Adjacent tools worth bookmarking
Tools that pair well with Kubernetes manifests: Cron Expression Builder for CronJob schedules, JSON Formatter for inspecting kubectl get -o json output, Base64 Encoder/Decoder because Secret values are base64-encoded in the manifest, and Password Generator for high-entropy values that populate Secrets at rest.
Related pillar guide
This cluster post is part of the developer tools track. For the broader foundation on choosing and using free developer tools, see The Complete Guide to Free Online Tools.
FAQ
Do I need to write YAML by hand or can I use Helm?
Learn to read and write YAML first, then adopt Helm (or Kustomize, or both) once you have real repetition. Helm is fantastic for managing many similar charts, but it hides the YAML from you, and the hidden YAML is exactly what you need to debug when things go wrong.
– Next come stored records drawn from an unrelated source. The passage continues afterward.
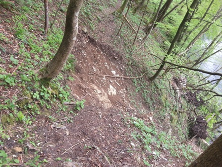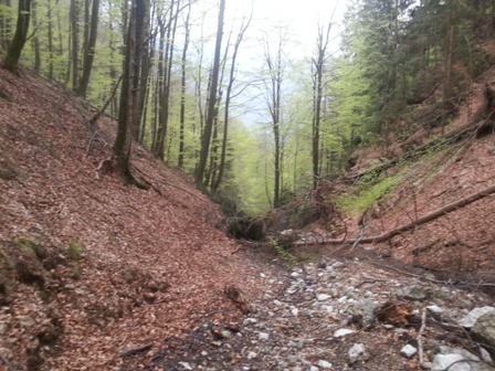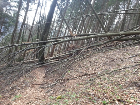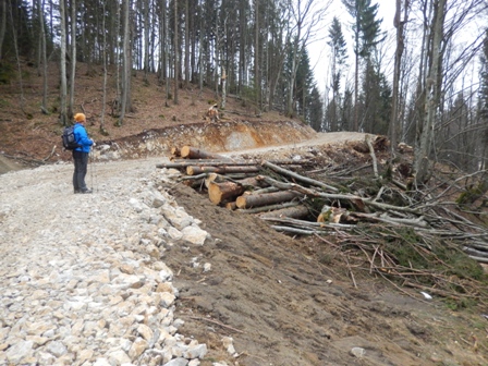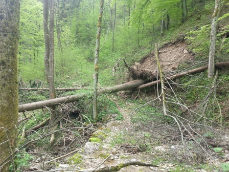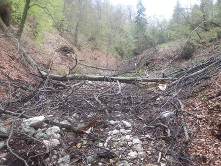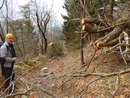 Navzdol grede pa le vidiva, da je tisto, kar je navzgor zgledalo neprehodno, pravzaprav prehodno, nekdo je debele veje kar lepo požagal.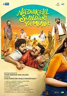 Nadhikalil Sundari Yamuna (transl. Yamuna, the prettiest among rivers) is a 2023 Indian Malayalam-language comedy-drama film written and directed by Vijesh Panathur and Unni Vellora (in their directorial debut).[3] Set in Kadambery, the narrative unfolds the conflict between Kannan (Dhyan Sreenivasan) and Vidhyadharan (Aju Varghese) regarding their matrimony, and the subsequent chain of events. The film also features Pragya Nagra (in her Malayalam debut), Sudheesh, Kalabhavan Shajohn, Sohan Seenulal, Nirmal Palazhi and Aneesh Gopal in significant roles.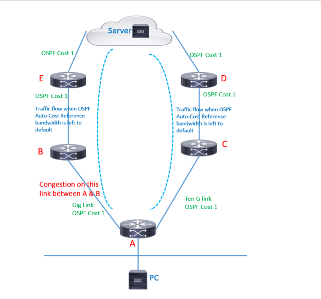 But OSPF by default is unable to differentiate the cost properly for a device that has both TenG and Gig interfaces.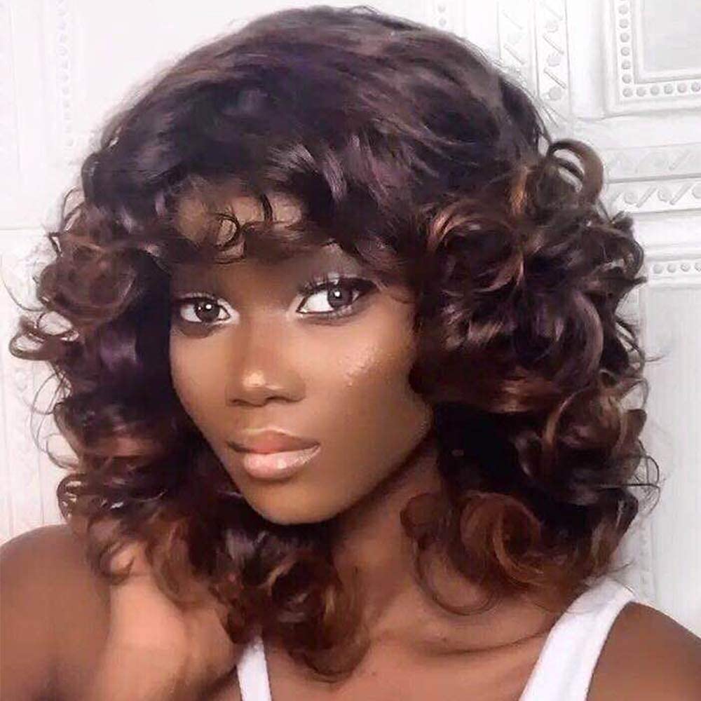 Amazon Com Short Afro Curly Wigs With Bangs For Black Women Kinky Curly Hair Wig 2 Tone Ombre Dark Brown Big Bouncy Fluffy Curly Wig Beauty Personal Care

What is the difference between Deployment and StatefulSet?
Deployment is for stateless workloads where Pods are interchangeable. StatefulSet is for stateful workloads where each Pod has a stable identity and persistent storage — databases, for example. If your app is stateless, use Deployment. If it needs stable hostnames and per-Pod storage, StatefulSet.
How does Service discover Pods across namespaces?
Services are namespace-scoped. A Service in namespace A cannot directly select Pods in namespace B. Clients in other namespaces reach the Service by its fully-qualified DNS name: web.default.svc.cluster.local.
Can I use Kubernetes locally for development?
Yes — minikube, kind, and k3d all run a real Kubernetes cluster on your laptop. For most local development, Docker Compose is simpler, but if you want to test manifests end-to-end, a local K8s cluster is invaluable.
What is the difference between a ConfigMap and a Secret?
Both store configuration data. Secrets are base64-encoded (not encrypted by default) and intended for sensitive data. Treat Secrets as "data that should not appear in logs"; they are not a substitute for a real secret manager but they are a stepping stone.
Closing thought
Kubernetes is intimidating until you realize that 90% of day-to-day manifests are variations on the four objects above. Write a minimal Deployment, wire a Service to it, and expose it through Ingress. Delete and recreate them until the YAML stops feeling like a puzzle. The advanced patterns — operators, CRDs, service meshes — all rest on this same foundation.